**Instructions for the task:**
The entries that follow need to be reproduced exactly, minus any images.

Material provided Start Marker

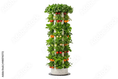 PNG Vertical hydroponic tower garden with fresh vegetables and lush greenery
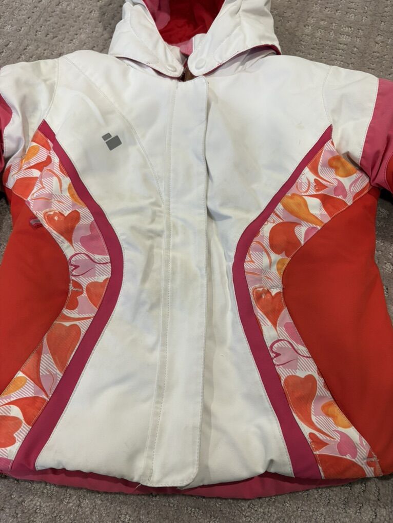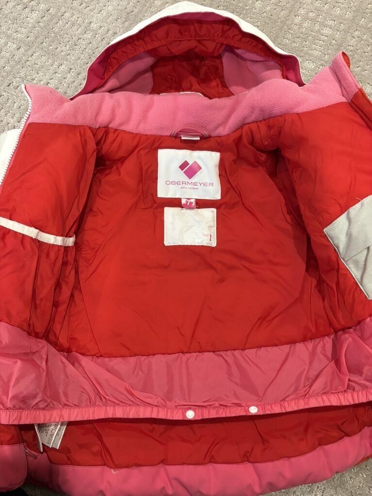 VenmoGirls Obermeyer ski bibs and matching coat. Some small stains, which I tried to show pics. Coat has removable hood.
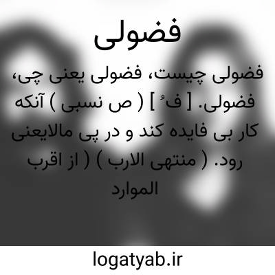 فضولی. [ ف ُ ] ( ص نسبی ) آنکه کار بی فایده کند و در پی مالایعنی رود. ( منتهی الارب ) ( از اقرب الموارد ). کسی که کار بیهوده کند. || آنکه بی جهت در امور دیگران مداخله کند، بدین معانی در فارسی «فضول » مستعمل است. ( فرهنگ فارسی معین ):
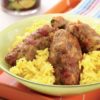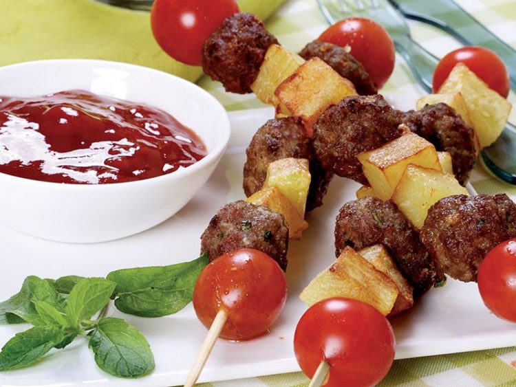 - Çöp şişlere kiraz domates, patates ve köfteleri dizip soslarla servis yapın..
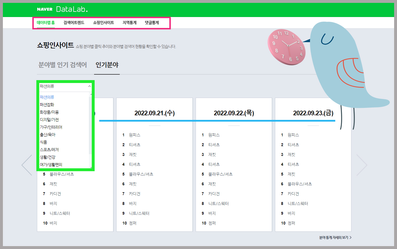 네이버 데이터랩의 경우 일별로 인기상품은 물론 그래프로 인기정도 , 통계까지 모두 확인이 가능하다.
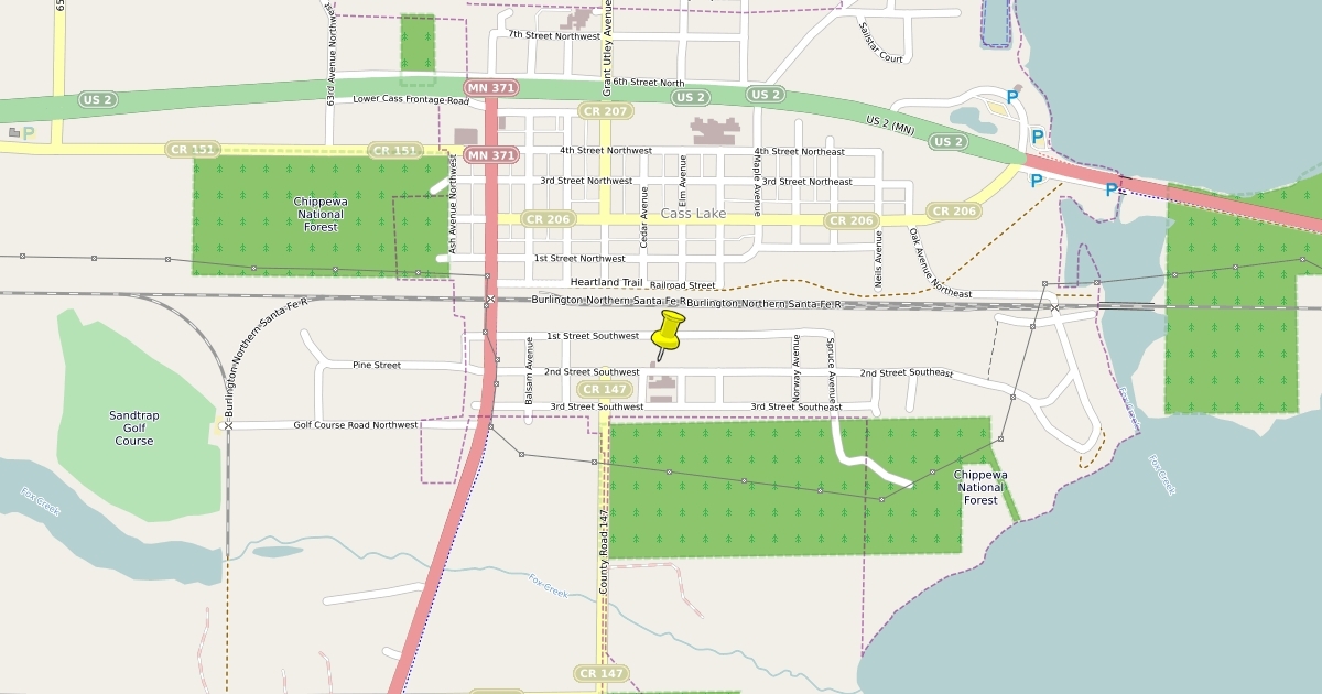 The Cass Lake city border is the red dotted line. The Leech Lake Band of Ojibwe Reservation is any land outside the city border (excluding National Forest land)
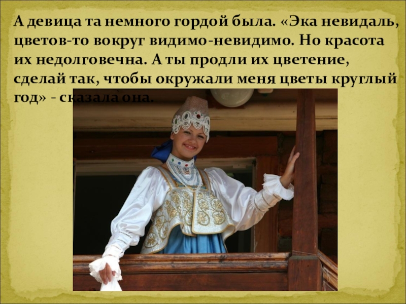 Слайд 6А девица та немного гордой была. «Эка невидаль, цветов-то вокруг видимо-невидимо.
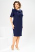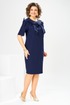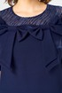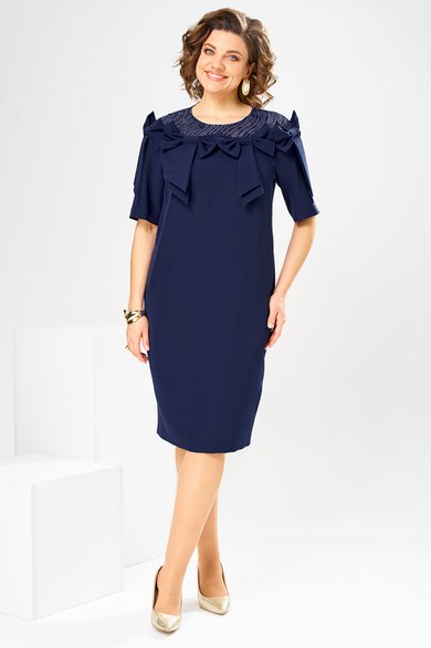 Платье женское относится к нарядной торжественной одежде. Платье женское, полуприлегающего силуэта, длиной за колено. Перед с 2-мя нагрудными вытачками, с отрезной кокеткой и отделочной ткани, переходящей из рукавов. Спинка с отрезной кокеткой из отделочной ткани, переходящей на рукав, с 2-мя таллиевыми вытачками, со средним швом, заканчивающимся шлицей. Горловина круглая, обточная без воротника. Застёжка на потайную тесьму-молнию в среднем шве спинки. Рукав втачной, одно шовный, длиной до локтя. Перед плятья по шву притачивания кокетки декорирован 4-мя настрочными бантами. Боковые швы с карманами. Платье без плечевых накладок. Длина платья по спинке 102 см, длина рукава 27 см.

Material provided End Marker

**Task result:**
 PNG Vertical hydroponic tower garden with fresh vegetables and lush greenery
 VenmoGirls Obermeyer ski bibs and matching coat. Some small stains, which I tried to show pics. Coat has removable hood.
 فضولی. [ ف ُ ] ( ص نسبی ) آنکه کار بی فایده کند و در پی مالایعنی رود. ( منتهی الارب ) ( از اقرب الموارد ). کسی که کار بیهوده کند. || آنکه بی جهت در امور دیگران مداخله کند، بدین معانی در فارسی «فضول » مستعمل است. ( فرهنگ فارسی معین ):
 - Çöp şişlere kiraz domates, patates ve köfteleri dizip soslarla servis yapın..
 네이버 데이터랩의 경우 일별로 인기상품은 물론 그래프로 인기정도 , 통계까지 모두 확인이 가능하다.
 The Cass Lake city border is the red dotted line. The Leech Lake Band of Ojibwe Reservation is any land outside the city border (excluding National Forest land)
 Слайд 6А девица та немного гордой была. «Эка невидаль, цветов-то вокруг видимо-невидимо.
 Платье женское относится к нарядной торжественной одежде. Платье женское, полуприлегающего силуэта, длиной за колено. Перед с 2-мя нагрудными вытачками, с отрезной кокеткой и отделочной ткани, переходящей из рукавов. Спинка с отрезной кокеткой из отделочной ткани, переходящей на рукав, с 2-мя таллиевыми вытачками, со средним швом, заканчивающимся шлицей. Горловина круглая, обточная без воротника. Застёжка на потайную тесьму-молнию в среднем шве спинки. Рукав втачной, одно шовный, длиной до локтя. Перед плятья по шву притачивания кокетки декорирован 4-мя настрочными бантами. Боковые швы с карманами. Платье без плечевых накладок. Длина платья по спинке 102 см, длина рукава 27 см.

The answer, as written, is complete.